EXERCISE BRIEF: In the data below, find the line containing "Расклешенное платье длиной" and the line containing "Mit Fernglas lassen", then reproduce them and every line between, exactly. Omit pictures.

STORED DATA:
*** Begin section ***
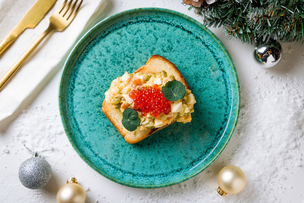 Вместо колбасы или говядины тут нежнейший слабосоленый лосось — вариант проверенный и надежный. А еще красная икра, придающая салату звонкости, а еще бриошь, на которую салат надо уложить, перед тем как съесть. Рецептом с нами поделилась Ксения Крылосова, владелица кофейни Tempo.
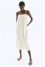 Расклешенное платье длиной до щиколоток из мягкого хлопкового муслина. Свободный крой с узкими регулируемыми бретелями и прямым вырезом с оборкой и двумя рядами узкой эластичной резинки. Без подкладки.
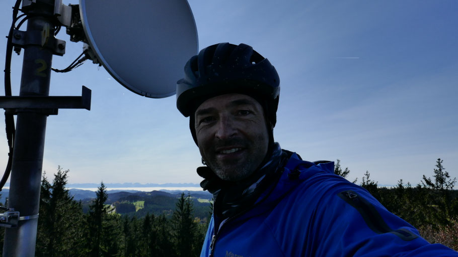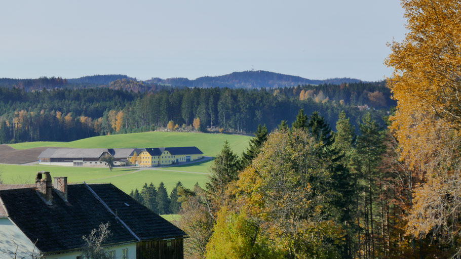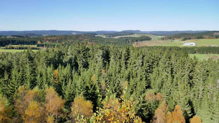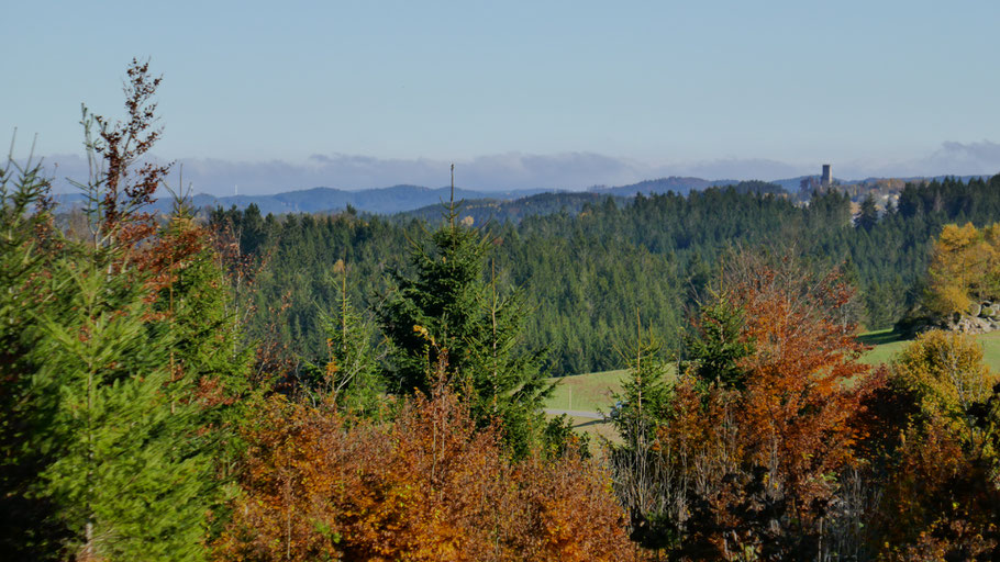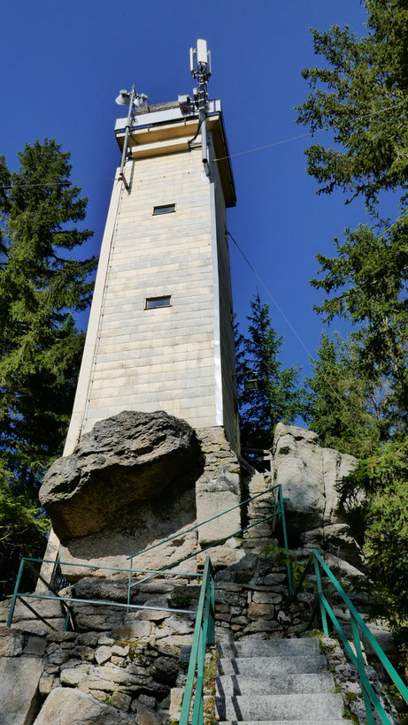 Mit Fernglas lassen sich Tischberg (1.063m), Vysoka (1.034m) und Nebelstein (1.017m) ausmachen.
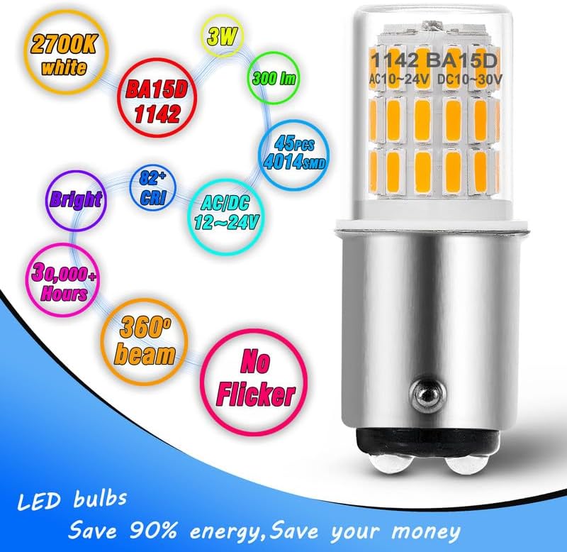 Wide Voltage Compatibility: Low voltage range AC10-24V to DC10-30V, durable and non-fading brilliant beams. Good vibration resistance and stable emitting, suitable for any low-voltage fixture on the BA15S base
*** End section ***
OUTPUT FOR THIS EXERCISE:
 Расклешенное платье длиной до щиколоток из мягкого хлопкового муслина. Свободный крой с узкими регулируемыми бретелями и прямым вырезом с оборкой и двумя рядами узкой эластичной резинки. Без подкладки.
 Mit Fernglas lassen sich Tischberg (1.063m), Vysoka (1.034m) und Nebelstein (1.017m) ausmachen.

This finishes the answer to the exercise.